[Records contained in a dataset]
>>>

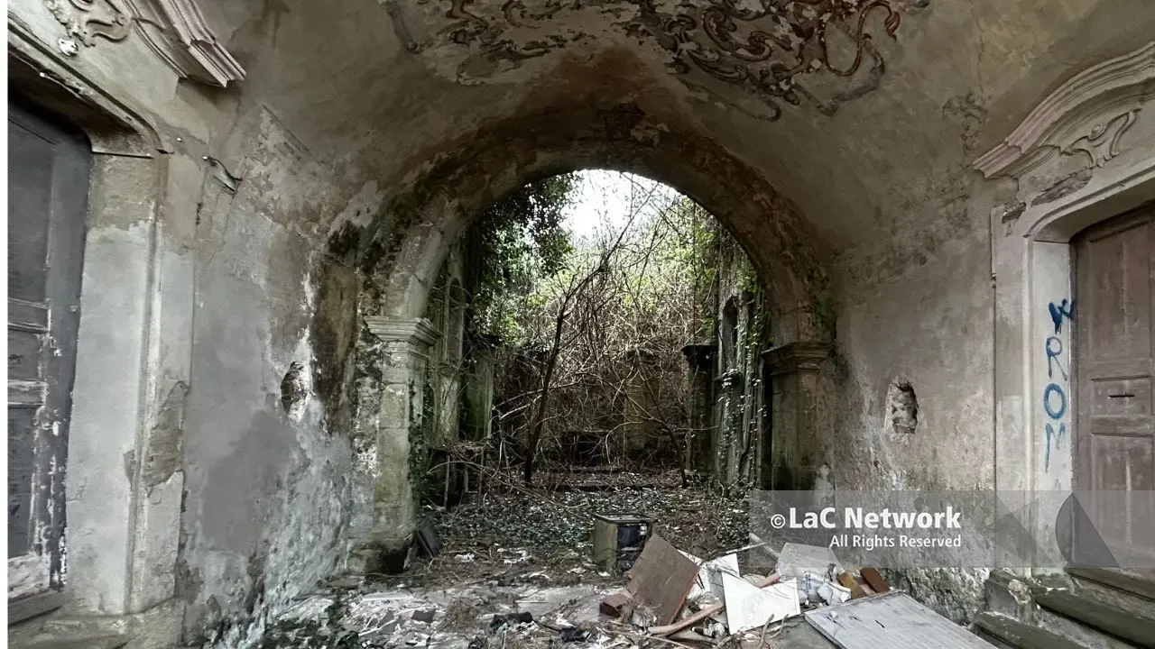 All’interno della corte si presenta uno scenario segnato dall’abbandono: erbacce cresciute senza controllo, ormai parte integrante dell’edificio, e rifiuti disseminati sull’intera area. A questo si aggiungono la presenza diffusa di muffe e muschi sulle pareti e sugli archi antichi del palazzo, mentre sulla volta che sovrasta la corte interna resistono, seppur in modo frammentario, gli ultimi colori di un affresco di pregio.
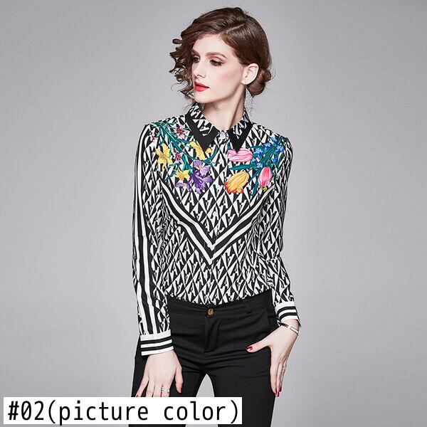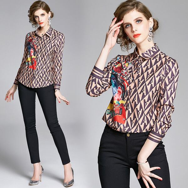 レターフラワープリント長袖レディースブラウスシャツサマーターンダウンカラーブラウスシャツワークウェアトップ ロング 夏物 フラワーデザイン
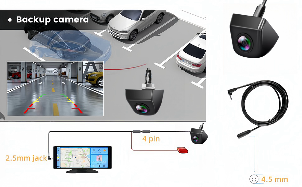 🚘كاميرا الرؤية الخلفية العالمية: التوافق مع طاقة 12 فولت تيار مستمر، مما يجعلها مثالية للسيارات والشاحنات والمزيد من المركبات. كابل فيديو 26 قدم 4 سنون يدعم الاتصال بشاشة carplay، أو كاميرا مرآة، أو كاميرا داش، أو أي شاشة عرض مع مدخلات فيديو 4 سنون.
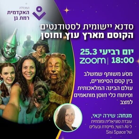 האקדמית רמת גן תקיים סדנת חוסן לסטודנטים המשלבת את "הקוסם מארץ עוץ" ובינה מלאכותית בתאריך ה-25.3
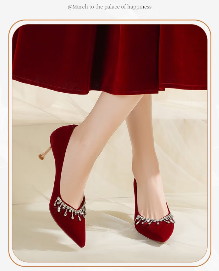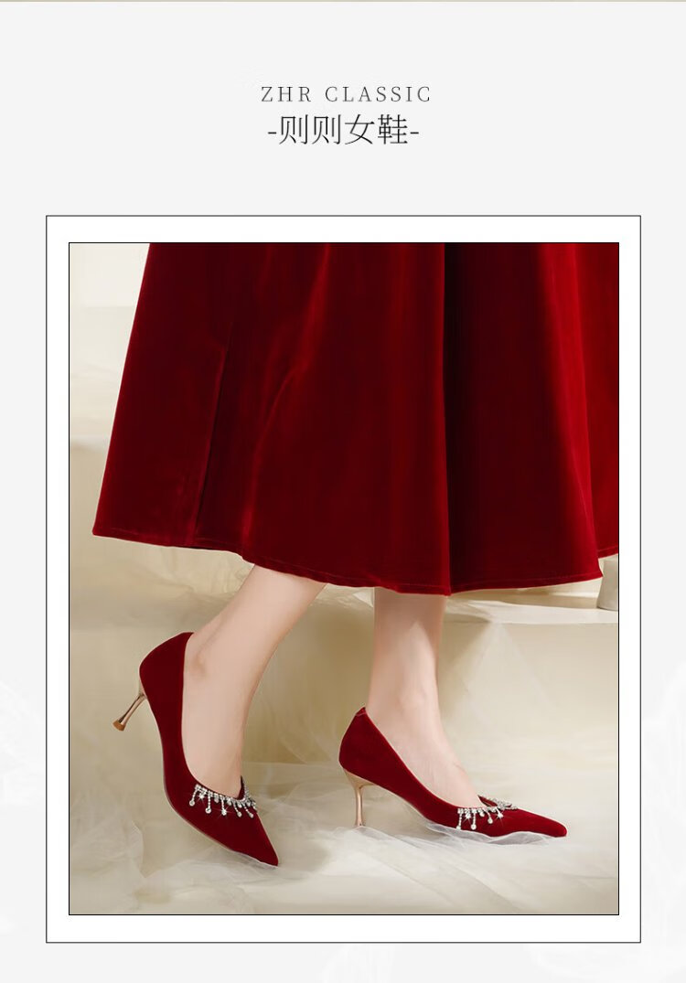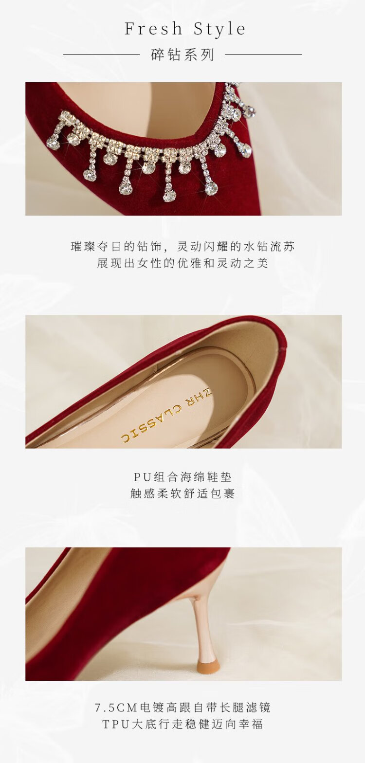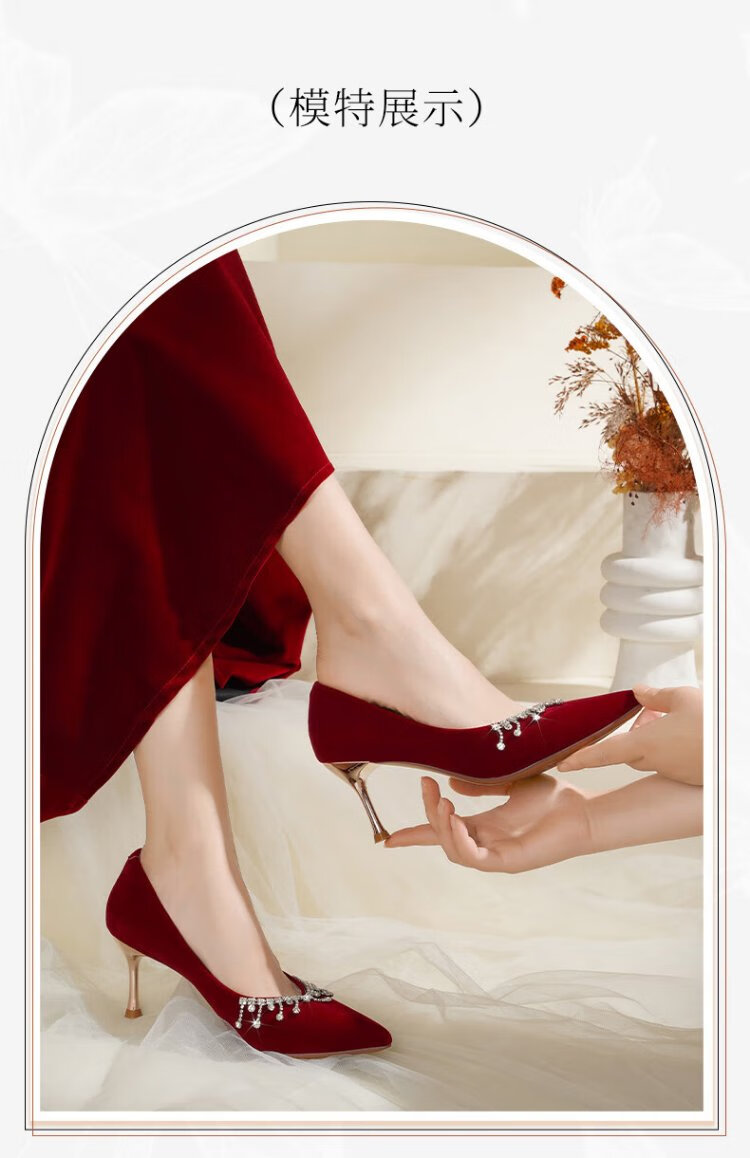 ZHR high heels women's stiletto pointed cheongsam main wedding shoes women's shoes wedding dress Xiuhe toast bridal shoes FM10 red 37
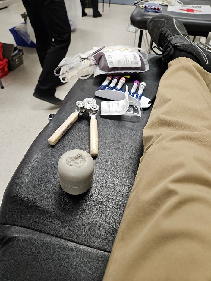 In my donation yesterday my vein was less cooperative than usual. Though it may have been a bad needle stick, too. In either case, a technician had to stand there and manually hold the syringe in place, sometimes moving it ever so slightly, in order to maintain my blood flow. A condition that would have been absolutely untenable for me previously when syringes filled me with wracking dread. Now it’s just more of an inconvenience.

<<<

▶ **Task to carry out**
Would you write out exactly the lines above, starting at the line containing "فيديو 4 سنون." and stopping after the line containing "האקדמית רמת גן"? Omit the pictures.

▶ **Solution to the problem**
 🚘كاميرا الرؤية الخلفية العالمية: التوافق مع طاقة 12 فولت تيار مستمر، مما يجعلها مثالية للسيارات والشاحنات والمزيد من المركبات. كابل فيديو 26 قدم 4 سنون يدعم الاتصال بشاشة carplay، أو كاميرا مرآة، أو كاميرا داش، أو أي شاشة عرض مع مدخلات فيديو 4 سنون.
 האקדמית רמת גן תקיים סדנת חוסן לסטודנטים המשלבת את "הקוסם מארץ עוץ" ובינה מלאכותית בתאריך ה-25.3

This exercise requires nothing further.